The new government crackdown is part of a wider fight against casual work practices, with delivery riders and drivers the first to have been targeted.
Real estate is now firmly in the inspectors’ sights, with Valencia leading the push.
Since 2022, agencies there have been subject to audits, fines, and forced regularisation of workers with penalties ranging from €3,750 to €12,000 per agent, plus up to four years of unpaid social security contributions.
Imported business model
Traditionally, agents were employees, but with the arrival of international firms – particularly in hotspots such as the Costa del Sol – the American model of commission-only freelancers took root.
This has led to confusion and, in some cases, outright abuse.
Spanish law is clear: for an agent to qualify as truly self-employed, they must work independently, set their own hours, provide their own tools, and bear their own business risks.
They cannot be managed, scheduled, or supplied with company equipment.
Yet inspections have revealed many agents sitting at company desks, working fixed hours, using office computers, and even following holiday rosters.
By contrast, genuine freelancers may represent multiple companies, control their own methods, and work without company oversight.

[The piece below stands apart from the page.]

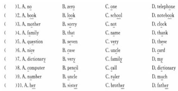 下面单词中都有一个划线部分与其他三个读音不同的。将其序号填入前面的括号内。

When dependency exists, the relationship is deemed employment – meaning agents are entitled to the protections of country laws.
That agreement allows for commission-based pay but guarantees a monthly minimum salary and ensures commercial staff receive at least 5% of net fees.
Industry at a crossroads
Agencies now face a stark choice: employ staff properly, or restructure contracts to meet the legal test for self-employment.

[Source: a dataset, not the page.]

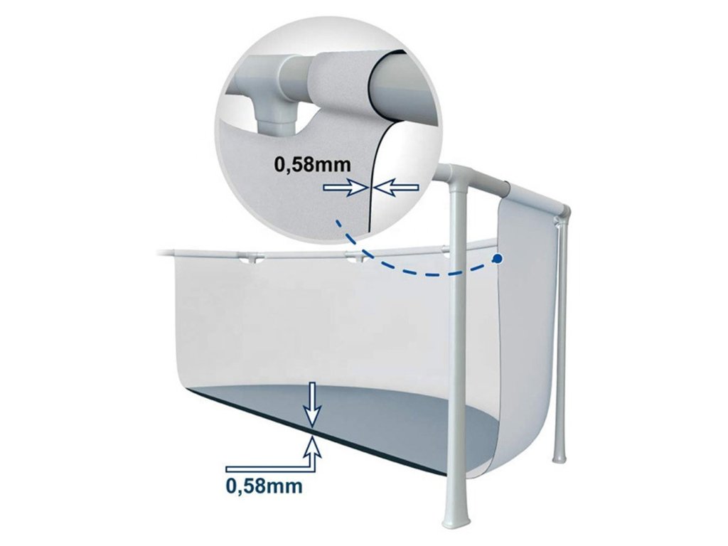 Masivní obvodová konstrukce zajišťuje vysokou stabilitu a dlouhou životnost. S tímto bazénem o průměru 300 x 175 x 80 cm cm je osvěžení, zábava a dobrá nálada zaručena. Objem vody při 90 % naplnění 3539 l. Dno a boční stěny této série bazénů jsou vyrobeny ze 3 vrstev materiálu SUPER-TOUGH®. Tento velice pevný materiál se skládá z polyesterové podkladové tkaniny se silným, oboustranně nalaminovaným PVC. SUPER-TOUGH® je obzvlášť odolný proti oděru, nárazu a slunečnímu záření.

Some have resisted the change complaining about the added costs of social security deductions, while a handful of top-earning agents prefer uncapped commission structures.
But these high-flyers are rare. For most agents, the current system creates churn. Agencies recruit large numbers during boom times, discard underperformers at no cost, and pocket the benefits.

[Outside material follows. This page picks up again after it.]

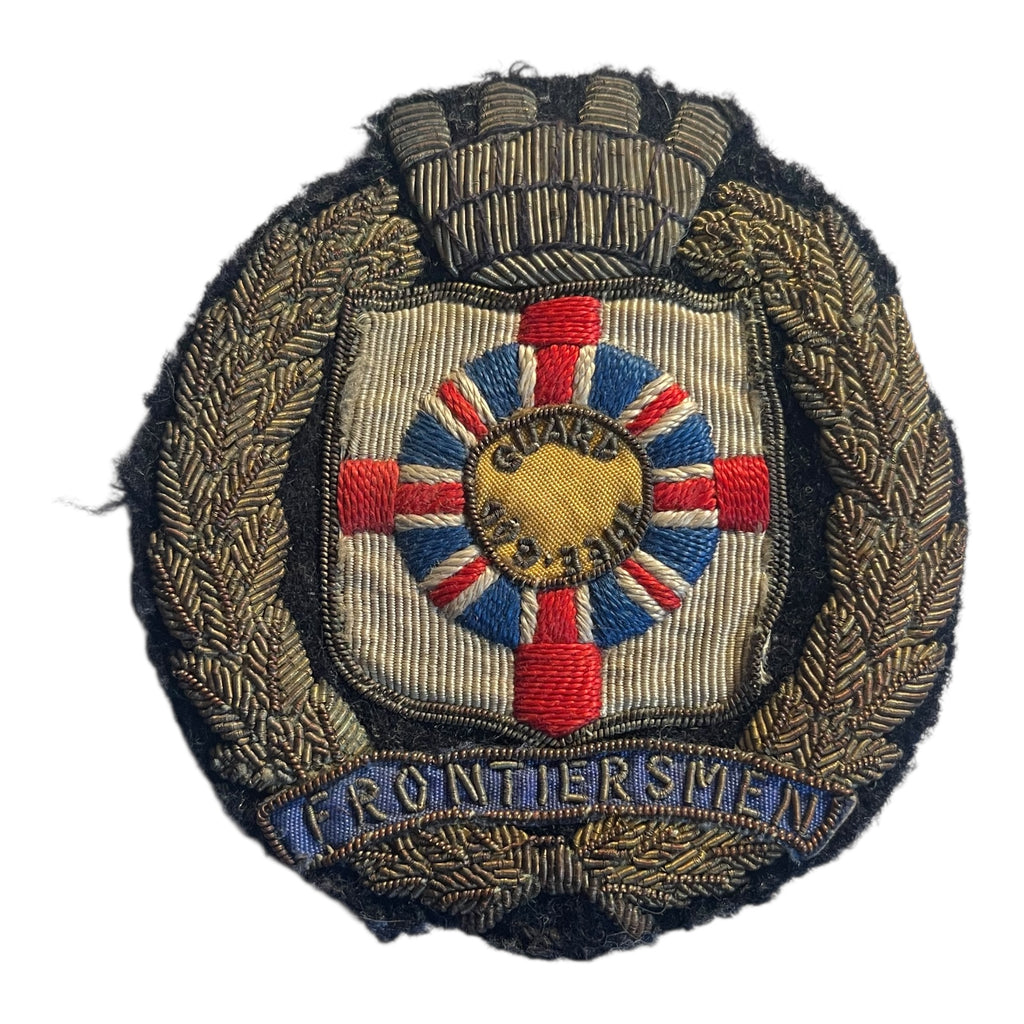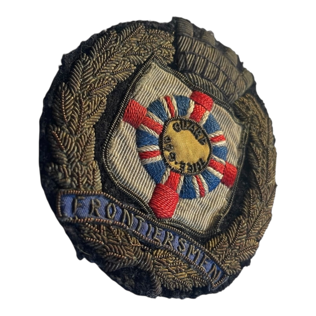Legion of Frontiersmen Gold Wire Jacket Crest. A beautifully age toned gold wire blazer or jacket crest. 3.5 inches tall. Shows some wear to inside shield, that is hardly noticeable. A nice old crest.

Critics argue that formalising the sector would not just protect workers, but professionalise the industry.
Incredibly, Spain still has no national licensing requirement for estate agents.
In Catalunya, training and certification are compulsory, but in regions such as Andalucia, anyone with a business licence and a phone can set up shop.
The lack of standards – combined with commission-only pay and hefty freelancer contributions – creates a perfect storm. Agents are understandably tempted to cut corners or mislead clients to close sales.
Illegal practices, such as charging tenants finder’s fees despite government bans, remain widespread.
Fines for Engel & Volkers
Some firms, however, have taken a different path.
At my firm, Terra Meridiana, for example, our sales staff have been employed since 2003.
We believe in a level playing field where all competition follows the same rules and pays the same contributions.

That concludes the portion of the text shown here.